Онлайн книга «Карта хаоса»

Cтраница 84

Уэллс замолчал, не закончив фразы, но это была не драматическая пауза, он просто засомневался, а вдруг его откровенный рассказ еще больше усложнит ситуацию? План, который он разрабатывал в последние недели, неожиданно показался ему невыполнимым и даже глупым. Но другого плана у него не было.

– Ну и?.. – нетерпеливо спросил Артур.

– Его настоящее имя – Гиллиам Мюррей, – выдавил из себя Уэллс, – но более он известен как Властелин времени.

Конан Дойл опешил:

– Но… Властелин времени умер.

– Нет, Артур, он не умер. Он только инсценировал собственную смерть, а потом начал новую жизнь в Нью-Йорке под именем Монтгомери Гилмор.

– Вот дьявол! – воскликнул Конан Дойл. Затем он умолк, стараясь переварить новость, и Уэллс не без тревоги ждал, пока друг снова заговорит. – Теперь, после твоих слов, Джордж, я могу признаться, что он все время мне кого-то напоминал. Вот ведь! Я, отец самого знаменитого в мире детектива, даже не заподозрил…

– Да разве такое могло прийти кому-нибудь в голову? – поспешил успокоить его Уэллс.

– Значит, Гилмор – это Мюррей… Гилмор – это Мюррей, – повторял Конан Дойл, не в силах справиться с изумлением. – Скажи, а ты знал, что я написал тогда несколько писем в его защиту?

Уэллс молча кивнул.

– Но… зачем ему понадобилось объявлять себя погибшим? – спросил Конан Дойл после очередной паузы.

Уэллс понял, что его друг пришел в себя, поскольку его ум начал вырабатывать вполне логичные вопросы. Но он не был уверен, что Артур готов так вот сразу проглотить единственное объяснение, которое ему можно было дать.

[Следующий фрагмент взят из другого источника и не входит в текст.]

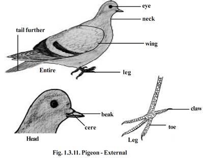 The Pigeons are flying birds (carinate). They are known both as wild and domesticated forms. The Pigeons are seen both in tropical and temperate zones. About 10 species of Pigeons are found in India. The pigeons fly in flocks and roost together. The domestic pigeons have many varieties, namely panter, fantail and tumblers. They differ in size, colorations and feather arrangement. All of them are, however, descendants of the rock pigeon-columba livia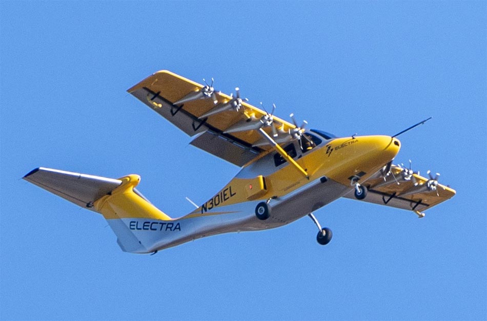 Прототип гибридного самолета с укороченным взлетом и посадкой EL-2 Goldfinch, разработанный компанией Electra, совершил первый сверхкороткий взлет и посадку,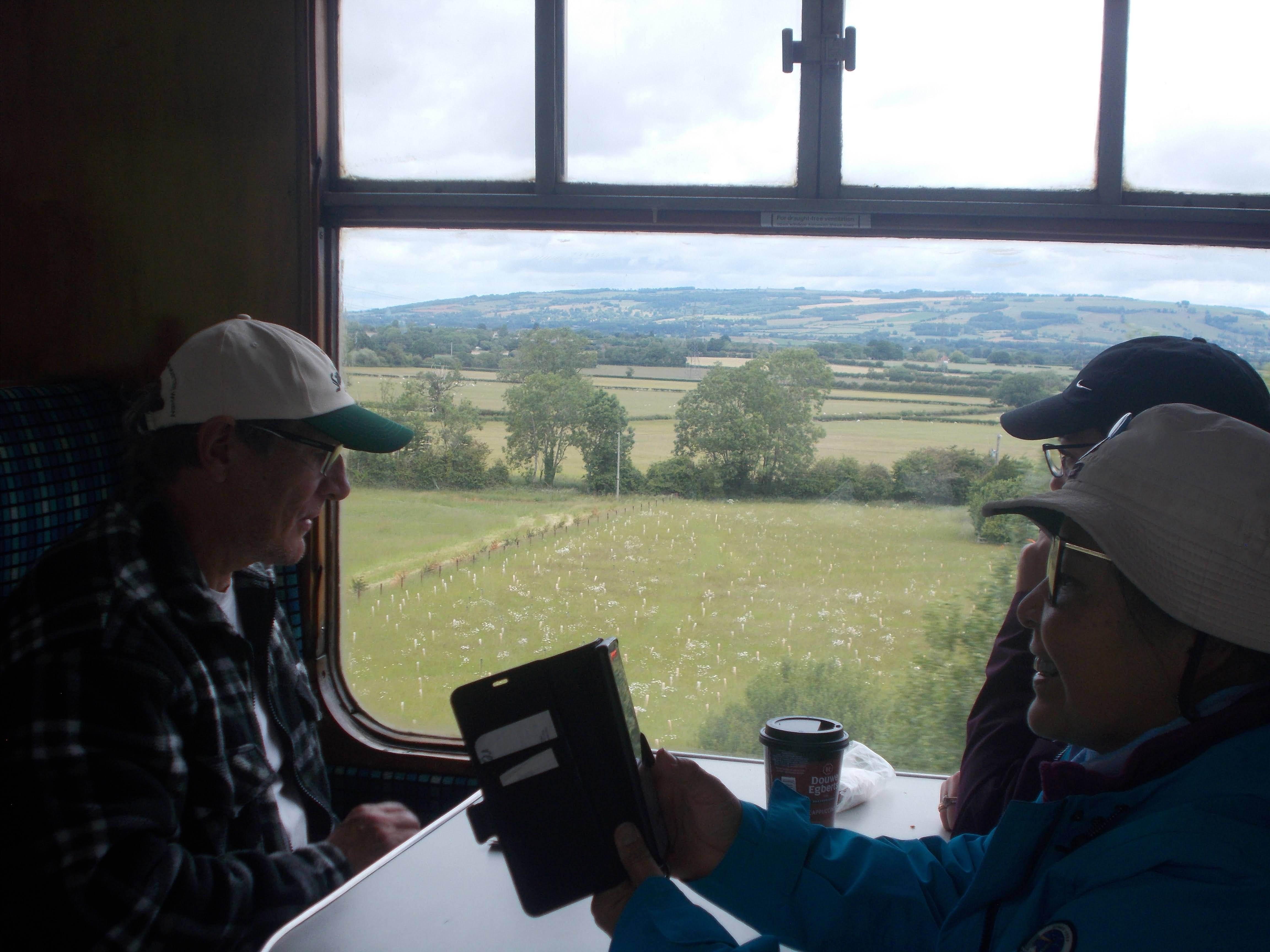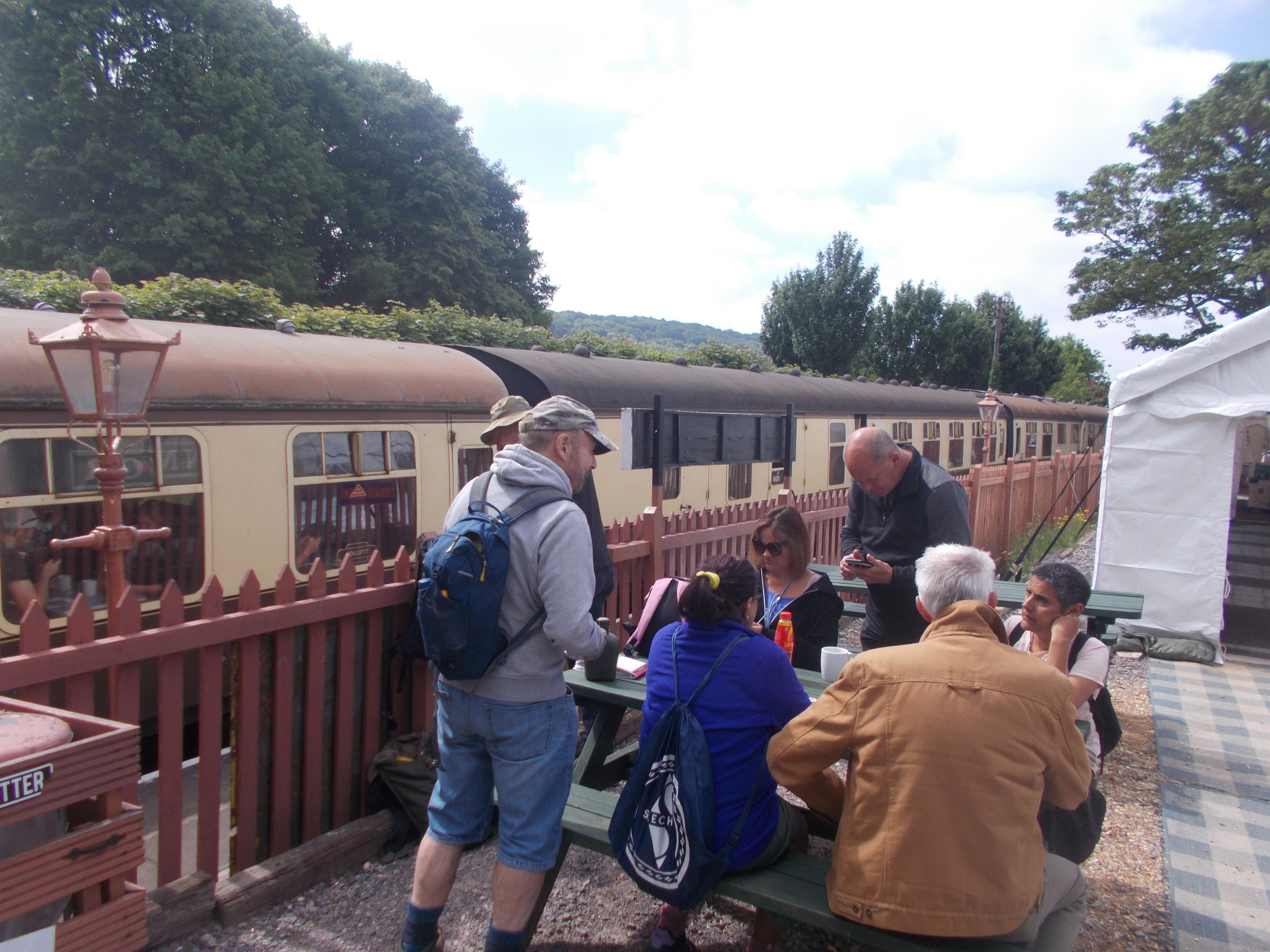 On Sunday we breakfasted on Soraya's unique porridge bread and struck camp to Boom. We headed for Chinnor for the steam railway. At the station caf@eacute; we stopped for bacon butties and cheered the arrival of the heritage train. Brian led the 5-mile walk along the Ridgeway. After climbing to the ridge, we took the chalk track eastwards. The sun came out to shine on the meadows and the cricket green ahead. At Bledlow village we strolled past the manors and cottages with wisteria and rose gardens in bloom. We reached the ever-delightful Lyde Gardens and wandered around the water gardens with its tropical features. Michael pointed out the mock orange flowers and the variety of ferns. As the afternoon sun beat down, we stopped at the village green for a jolly decent Sunday roast at The Lions. We took in the views of this timeless village with the vintage train's whistle ringing out in the distance.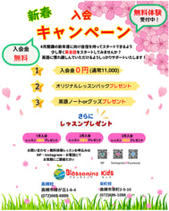 春のキャンペーンのお知らせです!新年度に向け英会話をスタートしませんか?講師・スタッフ一同しっかりサポート致します!ご興味ございましたらお気軽にお問い合わせくださいませ!
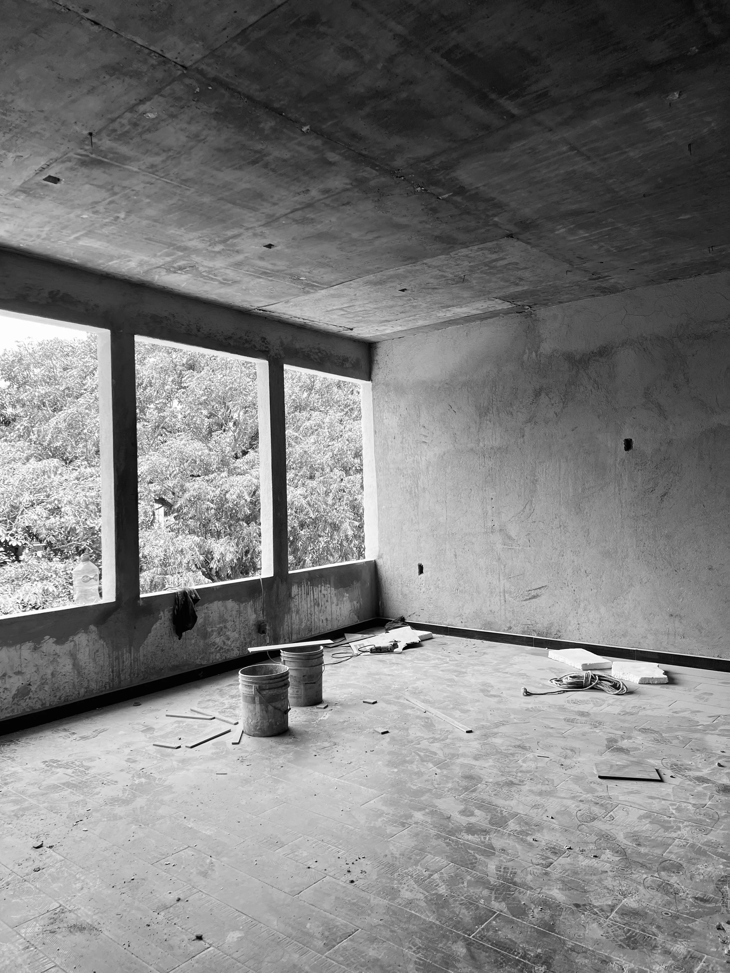 Retiro de impermeabilizacion caducada, empastado y pintado en interiores (muros divisorios, muros colindantes, fachadas exteriores e interiores). Se componen plafones dañados y muros con grietas.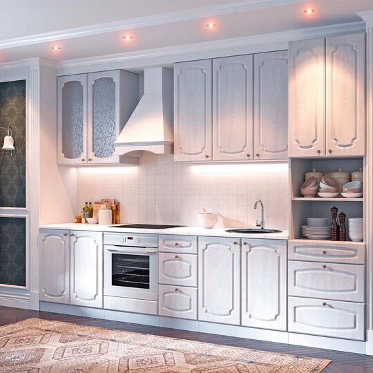 Гарнитур можно доукомплектовать карнизом, цоколем, доводчиками на выкатные ящики и демпферами на петли створок.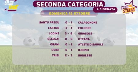 In seconda categoria, nell’anticipo di sabato bene la Castor che chiude 3 a 1 il suo match disputato al “Fra Locci” contro la Folgore Polisportiva. La doppietta di Murreli e il goal di Guaia hanno siglato la vittoria dei granata.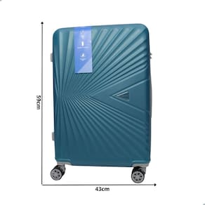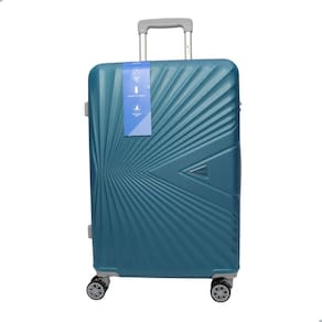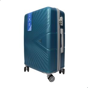 Mala de viagem injetada em material rígido de ABS, rodas que giram 360°, alça de mão retrátil, cadeado com segredo, compartimento interno com fechamento em zíper e duas tiras para prender roupas.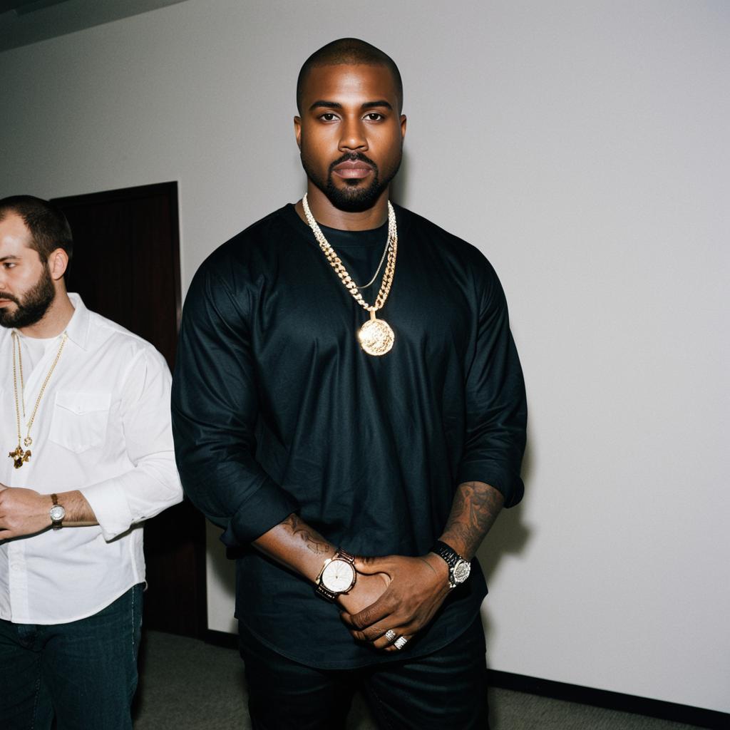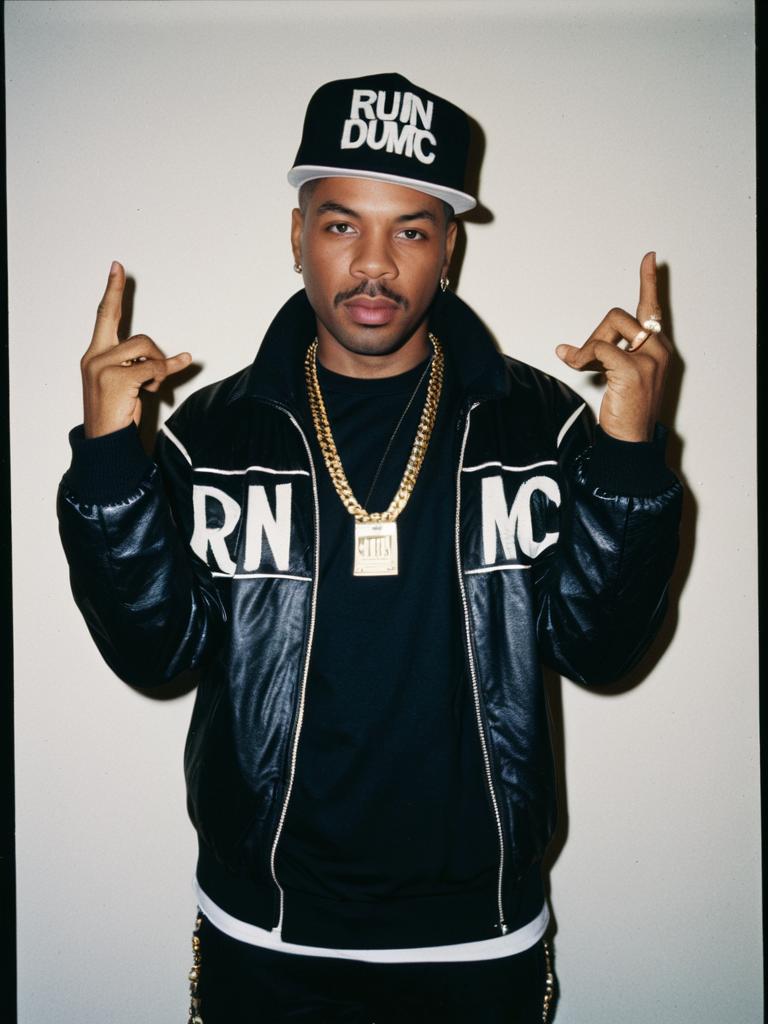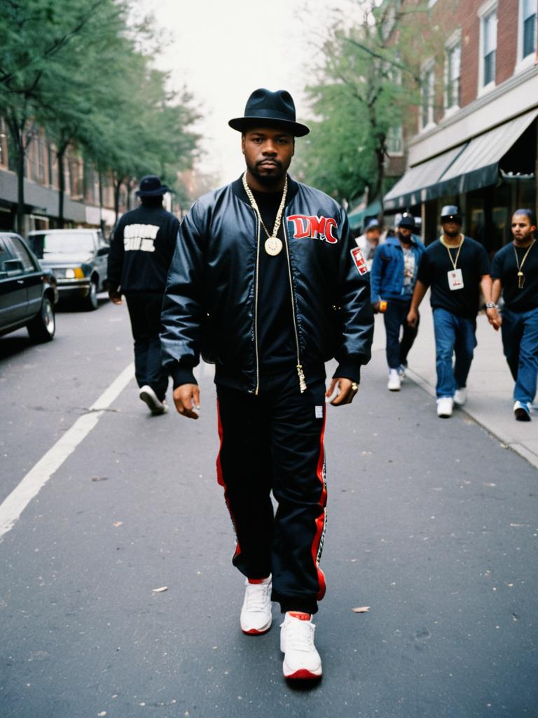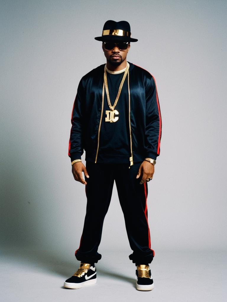 Full-body portrait of a man wearing a black Run DMC-inspired tracksuit with red stripes, accessorized with a large gold chain, black hat with gold band, sunglasses, and black and gold sneakers. The man stands against a plain gray background.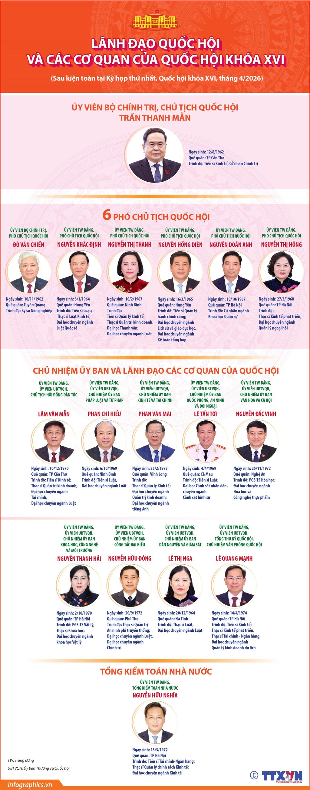 Thứ hai, ngày 6/4/2026, Kỳ họp thứ Nhất, Quốc hội khóa XVI chính thức khai mạc tại Nhà Quốc hội, Thủ đô Hà Nội và bước vào ngày làm việc đầu tiên dưới sự chủ trì của Chủ tịch Quốc hội Trần Thanh Mẫn. -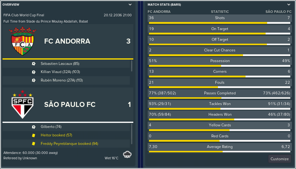 Há poucos dias, o FC Andorra somou mais um troféu a suas vitrines. Sem ter uma viagem muito longa, a equipe foi à Marrocos disputar o Mundial de Clubes e mesmo jogando ambas as partidas em marcha-lenta, conseguiu o título. Na semi-final, o Tricolor venceu os norte-americanos do Seattle Sounders 72014006.png, e na final os brasileiros do São Paulo 337.png, por 1 a 0 e 3 a 1, respectivamente.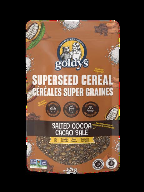 Goldy’s Superseed Cereal is a healthy take on breakfast cereal, made from a nutrient-rich blend of chia, hemp, pumpkin and buckwheat. By mixing with hot or cold milk or water, this versatile super seed mix transforms into a crunchy, creamy cereal, ready to enjoy in under 5 minutes! With natural flavours from real food ingredients, it’s breakfast re-imagined!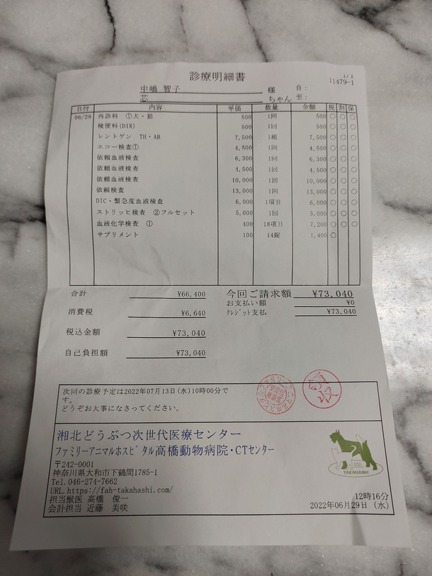 💩検便や、精密検査等がいつもよりプラスでしたので、かなり高くなってしまいました‥‥😭💦。

– Потому что дыра в двухтысячный год внезапно закрылась и никто не знал почему, – сказал он спокойно, постаравшись придать своему голосу предельную искренность. – И Мюррей подумал, что людям трудно будет смириться с этим фактом. Он боялся, как бы его слова не сочли хитрой уловкой – способом не делиться больше с миром своим открытием… Вот он и решил, что лучше будет… ну… изобразить дело так, будто его сожрал дракон.

Конан Дойл около минуты обдумывал услышанное, а Уэллс чувствовал, как его собственное сердце с каждой минутой колотится все сильнее.

– Продолжай, – велел наконец Артур усталым тоном человека, который знает, что ему лгут, но вместе с тем понимает, что не имеет права ни о чем больше спрашивать.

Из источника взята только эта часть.